:: WHAT IS NEEDED ::
Please reproduce exactly, and only, the lines from the one with "El periódico AS" through the last line of the listing below, both ends included, leaving out the pictures.

:: SOURCE INFORMATION ::
────────────────────────────────────────
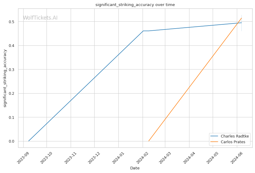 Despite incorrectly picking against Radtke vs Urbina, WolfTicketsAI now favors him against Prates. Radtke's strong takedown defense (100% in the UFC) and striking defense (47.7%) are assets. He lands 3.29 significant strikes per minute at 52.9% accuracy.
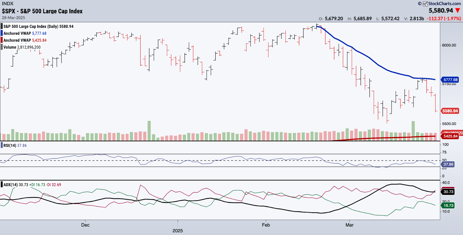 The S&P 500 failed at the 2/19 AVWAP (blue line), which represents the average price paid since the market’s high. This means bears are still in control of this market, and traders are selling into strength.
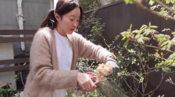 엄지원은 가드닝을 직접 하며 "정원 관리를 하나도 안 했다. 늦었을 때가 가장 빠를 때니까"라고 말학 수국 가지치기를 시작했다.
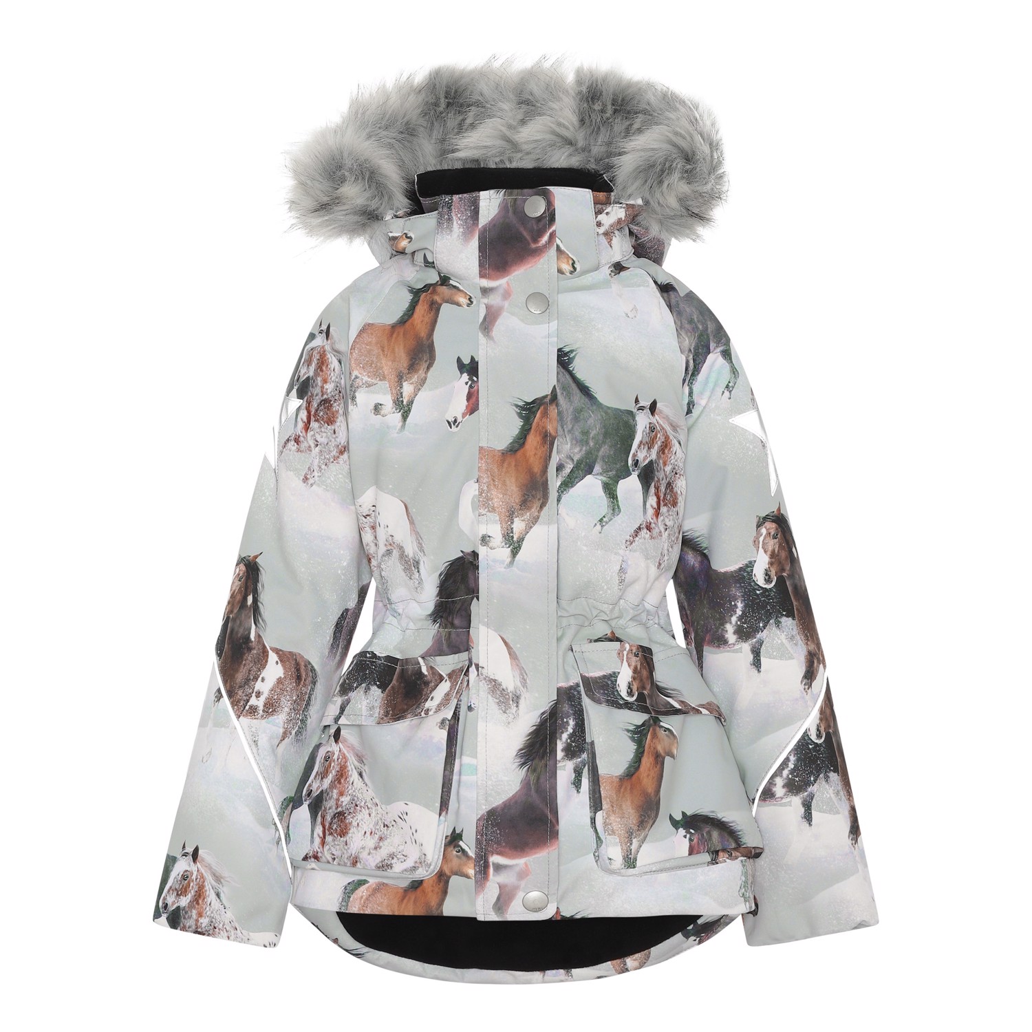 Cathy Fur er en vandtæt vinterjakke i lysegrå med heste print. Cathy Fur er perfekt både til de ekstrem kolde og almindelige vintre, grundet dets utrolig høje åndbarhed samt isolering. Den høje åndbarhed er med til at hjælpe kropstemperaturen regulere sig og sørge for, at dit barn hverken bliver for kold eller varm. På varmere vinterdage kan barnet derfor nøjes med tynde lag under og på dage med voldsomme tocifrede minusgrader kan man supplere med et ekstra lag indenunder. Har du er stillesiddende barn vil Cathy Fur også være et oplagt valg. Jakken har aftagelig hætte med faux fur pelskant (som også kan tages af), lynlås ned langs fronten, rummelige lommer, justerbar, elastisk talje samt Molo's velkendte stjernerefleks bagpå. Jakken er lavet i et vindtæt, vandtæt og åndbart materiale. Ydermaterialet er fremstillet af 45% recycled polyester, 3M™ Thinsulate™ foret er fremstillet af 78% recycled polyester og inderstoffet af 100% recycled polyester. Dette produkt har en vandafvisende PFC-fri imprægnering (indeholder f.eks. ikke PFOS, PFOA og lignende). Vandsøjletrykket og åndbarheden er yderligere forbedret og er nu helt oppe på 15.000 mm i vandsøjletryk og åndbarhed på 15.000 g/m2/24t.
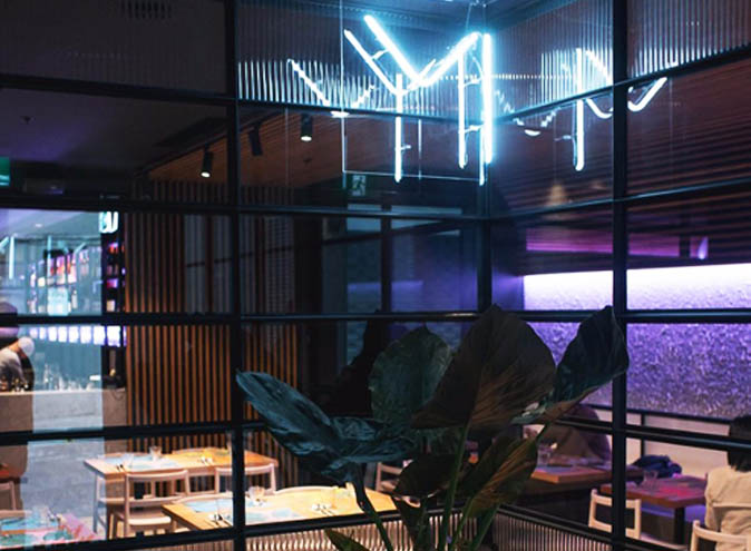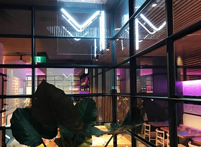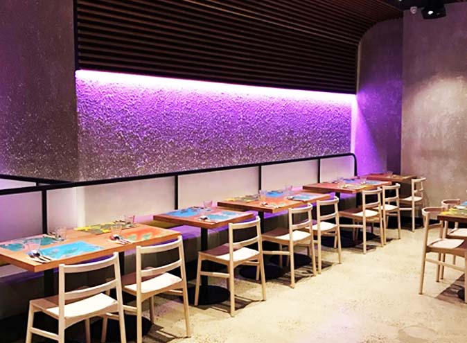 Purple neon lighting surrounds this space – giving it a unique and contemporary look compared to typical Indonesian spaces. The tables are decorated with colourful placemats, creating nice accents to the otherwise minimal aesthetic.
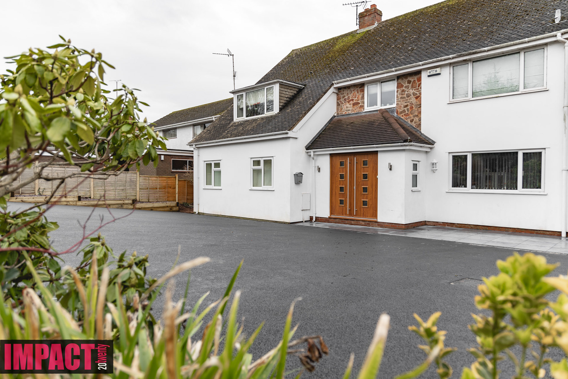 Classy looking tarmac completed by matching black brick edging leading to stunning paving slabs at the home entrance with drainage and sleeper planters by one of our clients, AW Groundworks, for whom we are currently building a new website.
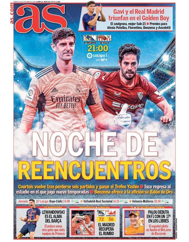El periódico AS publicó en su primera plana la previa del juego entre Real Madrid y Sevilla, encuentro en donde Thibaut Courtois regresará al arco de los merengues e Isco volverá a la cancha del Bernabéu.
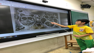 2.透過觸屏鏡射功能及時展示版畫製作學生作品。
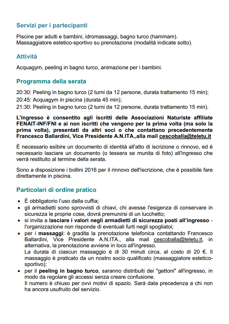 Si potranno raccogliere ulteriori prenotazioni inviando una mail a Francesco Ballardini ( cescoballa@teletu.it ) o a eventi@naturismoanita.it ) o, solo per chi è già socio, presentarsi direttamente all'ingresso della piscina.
────────────────────────────────────────
:: RESULT ::
El periódico AS publicó en su primera plana la previa del juego entre Real Madrid y Sevilla, encuentro en donde Thibaut Courtois regresará al arco de los merengues e Isco volverá a la cancha del Bernabéu.
 2.透過觸屏鏡射功能及時展示版畫製作學生作品。
 Si potranno raccogliere ulteriori prenotazioni inviando una mail a Francesco Ballardini ( cescoballa@teletu.it ) o a eventi@naturismoanita.it ) o, solo per chi è già socio, presentarsi direttamente all'ingresso della piscina.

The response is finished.